This infiltration became most evident when I discovered that BoardCity, and other projects like my first-year UX work and my sheet-metal project, Lumin, were being used as exemplary works for junior students. This created stark dissonance: the institution publicly upheld its consumption knowledge through direct feedback, yet privately validated my production knowledge by leveraging it as a pedagogical standard. Through Appadurai’s framework, I now understand that the system can desire the innovative output of a diverted commodity while remaining unable to formally endorse the disruptive process that created it. The “Trojan horse” had just passed through the gates, and it was now actively shaping the institution’s own teaching arsenal, even as the system maintained its official narrative.

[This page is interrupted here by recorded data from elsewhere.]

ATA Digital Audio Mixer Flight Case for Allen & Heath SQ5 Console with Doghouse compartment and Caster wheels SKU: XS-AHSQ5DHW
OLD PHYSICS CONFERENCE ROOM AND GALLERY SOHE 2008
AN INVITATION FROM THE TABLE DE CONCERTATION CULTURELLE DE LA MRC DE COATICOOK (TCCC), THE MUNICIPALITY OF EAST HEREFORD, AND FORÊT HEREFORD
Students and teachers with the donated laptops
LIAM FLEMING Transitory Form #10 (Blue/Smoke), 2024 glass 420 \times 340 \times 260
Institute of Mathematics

This success, however, forces me to confront a deeper question about my methodology. My strong-willed approach, encapsulated by the phrase “if I like it blue, I’ll make it blue”, could be a limitation. In prioritising my own aesthetic judgment, do I risk becoming a solitary author rather than a collaborative designer truly serving user needs? Similarly, my motivation to excel “out of spite” can be a powerful motivator, but it may also lead to designs that are more about proving a point to critics than solving a problem with empathy. This friction, therefore, is not solely the institution’s failure; it also reveals my own evolving understanding of what it means to be a critical designer.

CONCLUSION

Reflecting on this journey, I’ve come to see value-friction not as an obstacle, but as a defining feature of my design practice. Appadurai’s idea that diversion acts as a “Trojan horse of change” (2006, p. 418) reframes my work as quiet but deliberate resistance. My work thus pushes against inherited norms without stepping entirely outside them. Mignolo and Vazquez add ethical clarity: my practice becomes part of a broader effort to “decolonize the regulation of sensing” (2013), making space for creative expressions often left unrecognised in dominant regimes. I don’t position myself as a rebel outside the system, but as someone fluent in its language. I leverage that fluency to highlight its blind spots.

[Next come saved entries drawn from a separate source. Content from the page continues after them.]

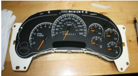
5. Twist each needle down past the low mark.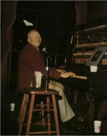
Figure 1 Piano Red, the original Dr Feelgood.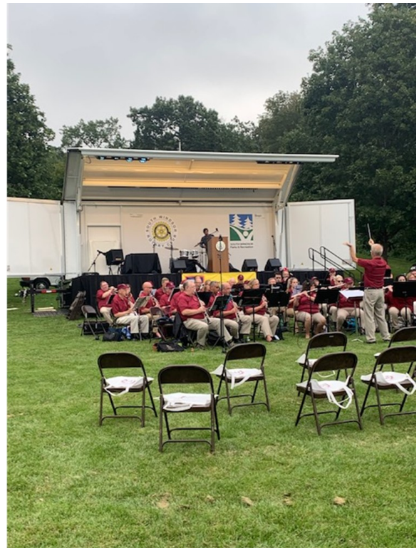
Our new showmobile was featured at the 175 th anniversary! The community band along with the Savage Brothers were the featured entertainment.

This experience also reminds me that systems are remarkably adaptive. As I have seen, institutions can absorb disruptive ideas without fully acknowledging their origins. Such a manoeuvre protects their sense of order even as it proves that change has already entered their gates. Recognising this helps me frame my own position with humility: as both participant and gentle agitator in a process of slow, internal transformation.

Moving forward, I am committed to continuing this approach while remaining more consciously reflective about my privileges and blind spots. I want to design with technical ambition for specific communities while staying open to learning from the friction these choices create. This balance allows me to contribute meaningfully to South African design while staying true to my authentic voice and values, even as I continue questioning what authenticity means in our complex cultural landscape.

REFERENCES

Appadurai, A. (2006). Commodities and the politics of value. In B. Ashcroft, G. Griffiths, & H. Tiffin (Eds.), The post-colonial studies reader (2nd ed., pp. 418-420). Routledge.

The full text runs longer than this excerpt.